A view of New Haven, say, through the certain eye,
The eye made clear of uncertainty, with the sight
Of simple seeing, without reflection. We seek
Nothing beyond reality.

                  - Wallace Stevens (An Ordinary Evening in New Haven)
 
Anyways, enough with quoting a few beautiful lines I love from his poetry to an entire poem. First up is a lovely poem, appropriately titled for today... .


Sunday Morning        
by Wallace Stevens


I


Complacencies of the peignoir, and late
Coffee and oranges in a sunny chair,
And the green freedom of a cockatoo
Upon a rug mingle to dissipate
The holy hush of ancient sacrifice.
She dreams a little, and she feels the dark
Encroachment of that old catastrophe,
As a calm darkens among water-lights.
The pungent oranges and bright, green wings
Seem things in some procession of the dead,
Winding across wide water, without sound.
The day is like wide water, without sound,
Stilled for the passing of her dreaming feet
Over the seas, to silent Palestine,
Dominion of the blood and sepulchre.


II


Why should she give her bounty to the dead?
What is divinity if it can come
Only in silent shadows and in dreams?
Shall she not find in comforts of the sun,
In pungent fruit and bright, green wings, or else
In any balm or beauty of the earth,
Things to be cherished like the thought of heaven?
Divinity must live within herself:
Passions of rain, or moods in falling snow;
Grievings in loneliness, or unsubdued
Elations when the forest blooms; gusty
Emotions on wet roads on autumn nights;
All pleasures and all pains, remembering
The bough of summer and the winter branch.
These are the measures destined for her soul.


III


Jove in the clouds had his inhuman birth.
No mother suckled him, no sweet land gave
Large-mannered motions to his mythy mind
He moved among us, as a muttering king,
Magnificent, would move among his hinds,
Until our blood, commingling, virginal,
With heaven, brought such requital to desire
The very hinds discerned it, in a star.
Shall our blood fail?
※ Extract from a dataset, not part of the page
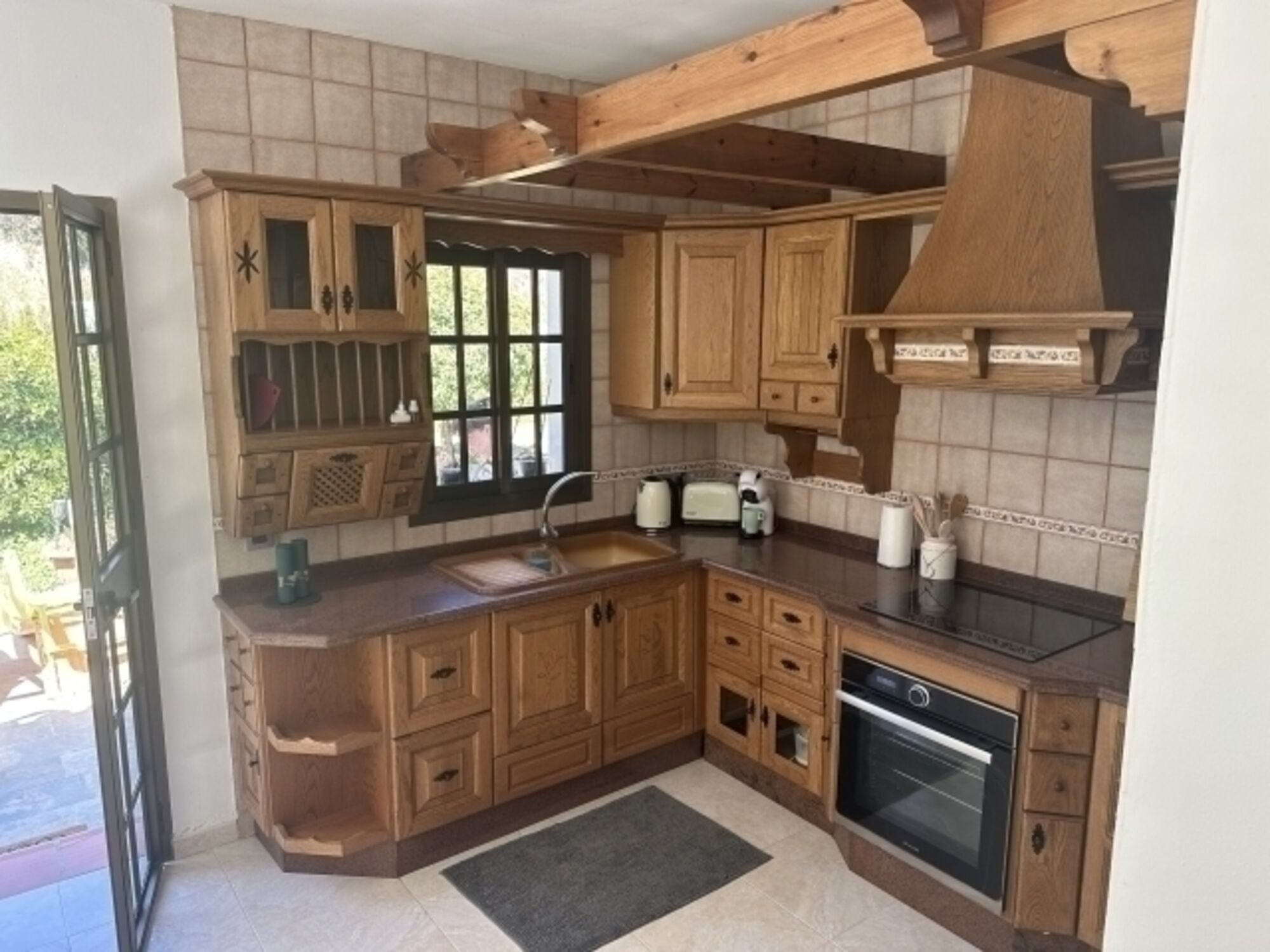 Induktionsherd, Dunstabzugshaube, Kühlschrank mit Gefrierfach, Mixer, Elekt. Fruchtpresse, Korkenzieher / Flaschenöffner, Gewürze (Salz, Pfeffer, Zucker), Öl / Essig, Geschirrhandtücher, Mülltüten, Essplatz in der Küche

Or shall it come to be
The blood of paradise? And shall the earth
Seem all of paradise that we shall know?
The sky will be much friendlier then than now,
A part of labor and a part of pain,
And next in glory to enduring love,
Not this dividing and indifferent blue.


IV


She says, "I am content when wakened birds,
Before they fly, test the reality
Of misty fields, by their sweet questionings;
But when the birds are gone, and their warm fields
Return no more, where, then, is paradise?"
There is not any haunt of prophecy,
Nor any old chimera of the grave,
Neither the golden underground, nor isle
Melodious, where spirits gat them home,
Nor visionary south, nor cloudy palm
Remote on heaven's hill, that has endured
As April's green endures; or will endure
Like her remembrance of awakened birds,
Or her desire for June and evening, tipped
By the consummation of the swallow's wings.


V


She says, "But in contentment I still feel
The need of some imperishable bliss."
Death is the mother of beauty; hence from her,
Alone, shall come fulfilment to our dreams
And our desires. Although she strews the leaves
Of sure obliteration on our paths,
The path sick sorrow took, the many paths
Where triumph rang its brassy phrase, or love
Whispered a little out of tenderness,
She makes the willow shiver in the sun
For maidens who were wont to sit and gaze
Upon the grass, relinquished to their feet.
She causes boys to pile new plums and pears
On disregarded plate. The maidens taste
And stray impassioned in the littering leaves.


VI


Is there no change of death in paradise?
Does ripe fruit never fall? Or do the boughs
Hang always heavy in that perfect sky,
Unchanging, yet so like our perishing earth,
With rivers like our own that seek for seas
They never find, the same receding shores
That never touch with inarticulate pang?
Why set the pear upon those river-banks
Or spice the shores with odors of the plum?
Alas, that they should wear our colors there,
The silken weavings of our afternoons,
And pick the strings of our insipid lutes!
Death is the mother of beauty, mystical,
Within whose burning bosom we devise
Our earthly mothers waiting, sleeplessly.


VII


Supple and turbulent, a ring of men
Shall chant in orgy on a summer morn
Their boisterous devotion to the sun,
Not as a god, but as a god might be,
Naked among them, like a savage source.
Their chant shall be a chant of paradise,
Out of their blood, returning to the sky;
And in their chant shall enter, voice by voice,
The windy lake wherein their lord delights,
The trees, like serafin, and echoing hills,
That choir among themselves long afterward.
They shall know well the heavenly fellowship
Of men that perish and of summer morn.
And whence they came and whither they shall go
The dew upon their feet shall manifest.


VIII


She hears, upon that water without sound,
A voice that cries, "The tomb in Palestine
Is not the porch of spirits lingering.
It is the grave of Jesus, where he lay."
We live in an old chaos of the sun,
Or old dependency of day and night,
Or island solitude, unsponsored, free,
Of that wide water, inescapable.
Deer walk upon our mountains, and the quail
Whistle about us their spontaneous cries;
Sweet berries ripen in the wilderness;
And, in the isolation of the sky,
At evening, casual flocks of pigeons make
Ambiguous undulations as they sink,
Downward to darkness, on extended wings.
You can read Harold Bloom's critical analysis of Sunday Morning here and James Longenbach's analysis of the poem is also an interesting read.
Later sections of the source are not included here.